Tandis que la protestation monte, en Israël contre la logique meurtrière du gouvernement Netanyahu, et à Gaza contre le martyr du peuple palestinien voulu par le Hamas, l’antisionisme occidental réagit d’abord par le silence. Par-là, il témoigne du fait que ce funeste face-à-face soit le seul qui convienne à sa lecture idéologique du conflit. La politique se réduit alors à la distinction ami/ennemi, dessinant des camps qui ne tolèrent pas le clivage interne, et ne partagent donc que leur volonté d’annihilation mutuelle. Cette vision du monde a des effets directs sur notre débat public : en atteste le traitement du vocable « sioniste de gauche » et de ceux qui s’en trouvent affublés. Julien Chanet interroge cette semaine les motifs qui font croire à une partie de la gauche que le sionisme ne peut qu’être son ennemi existentiel, la poussant dès lors à s’installer dans une logique binaire qui interdit toute perspective de paix : « Pourquoi serait-il donc impensable qu’un sionisme de gauche, à défaut d’être soutenu dans son travail de critique interne du sionisme, soit au moins laissé tranquille ? ».

À l’occasion de Pâques, nous publions deux textes qui n’ont rien à voir avec la mort du Pape. Aussi peu à voir, en fait, que cette dernière avec son ultime moment de gloire : ce discours résolument moderne sur la montée de l’antisémitisme. Corrélation n’est pas causalité, évidemment. Quoiqu’il en soit, et puisque nous sommes dans le registre des pures coïncidences, Danny Trom nous en partage une belle. Il croyait passer une paisible semaine de vacances en famille à Séville ? C’était sans compter sur la semaine Sainte et ses pénitents aux allures de Klansmen qui surgissent à chaque coin de rue. Son délire interprétatif calmé par un Lexomil ou deux, il relate pour K. cette confrontation traumatique avec les aspects les plus archaïques du catholicisme.

En parallèle, et pour faire amende honorable, nous publions le récit de l’étrange conversion d’un juif au catholicisme. Cette nouvelle du grand écrivain roumain Ion Luca Caragiale, traduite et préfacée par Elena Guritanu, prend, elle aussi, place durant la semaine Sainte. Quelqu’un a annoncé un événement pour le soir de Pâques. Alors le juif Leiba Zibal attend, dans la fièvre et l’angoisse, que le miracle advienne…

 

Qu’on puisse être sioniste et de gauche, c’est ce qu’a décidé de rejeter par principe la gauche antisioniste contemporaine. Pourtant, cette possibilité est bien sûr attestée par tout un pan de l’histoire politique d’Israël comme par les mouvements politiques auxquels adhèrent de nombreux juifs de la diaspora. Julien Chanet interroge ici les causes et les conséquences de cette « évidence antisioniste » qui veut que « sionisme de gauche » soit un oxymore. En préférant dénigrer cette réalité que la penser, l’antisionisme vise non seulement à rendre les juifs un peu plus étrangers à la gauche, mais il se fait paradoxalement l’allié objectif du sionisme réactionnaire, obstruant tout horizon d’une issue politique au conflit israélo-palestinien. 
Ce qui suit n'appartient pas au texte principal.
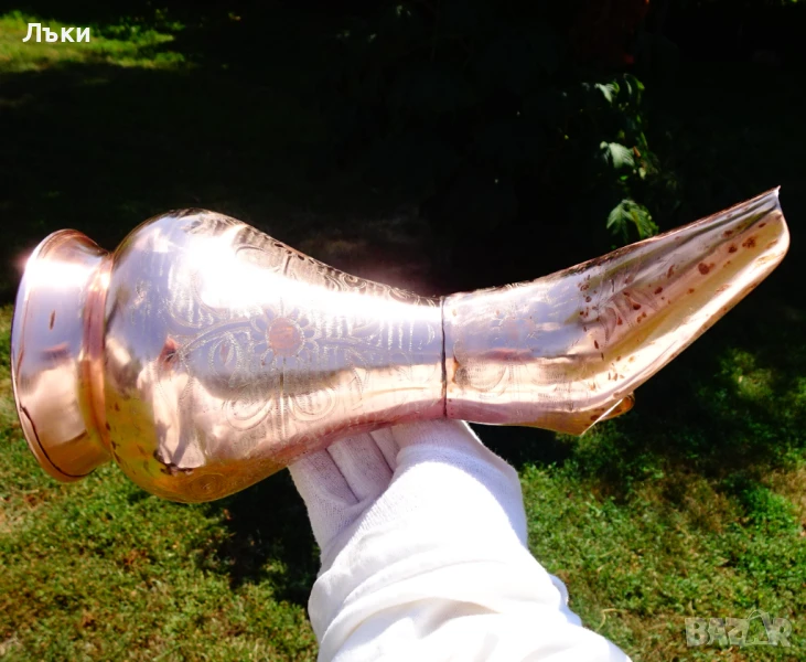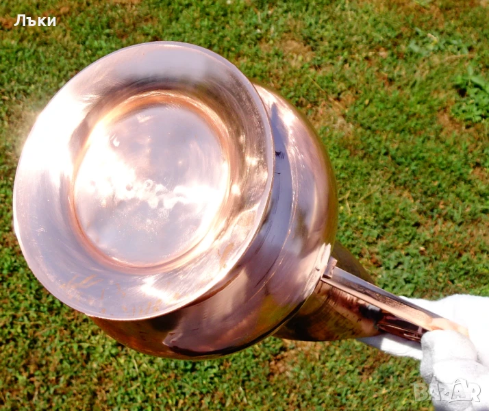 блясъка не се виждат добре на снимките.Има ефектно извита медна дръжка стабилно
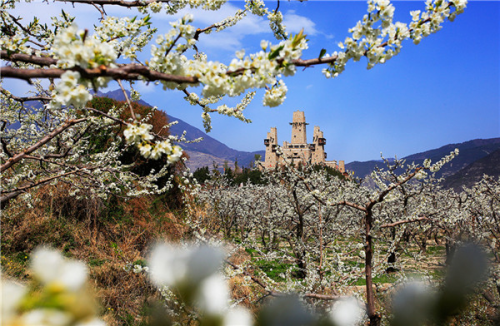 阳春三月,百花盛开,位于四川阿坝州的茂县,天气回暖,明媚的春光里粉嫩的樱花、桃花,洁白的李花、梨花竞相绽放,岷江河谷两岸、大街小巷、羌乡古寨姹紫嫣红,春意盎然,当地的居民们喜笑颜开,聚会或散步于花下。
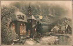 Kind Wishes for Christmas, Snowy Night Scene wi...

Coïncidence du calendrier, Danny Trom avait prévu ses vacances en famille à Séville, pile pendant la Semaine Sainte. Perdus au milieu des défilés de pénitents, le Lexomil ne suffisant pas pour contrer une peur et une angoisse juive sans doute ataviques, il s’est improvisé correspondant journalistique de cette expérience archaïque du catholicisme.

On entend parfois dire que les juifs seraient réfractaires à la révélation christique. Pour Pâques, K. publie une nouvelle d’Ion Luca Caragiale, traduite du roumain par Elena Guritanu, qui montre qu’il n’en est rien. Dans ce récit d’une étrange conversion, le juif accepte en effet de se saisir de la main catholique qui lui est tendue, seulement un peu aidé dans sa décision par cette fièvre sans laquelle il n’est pas de foi véritable.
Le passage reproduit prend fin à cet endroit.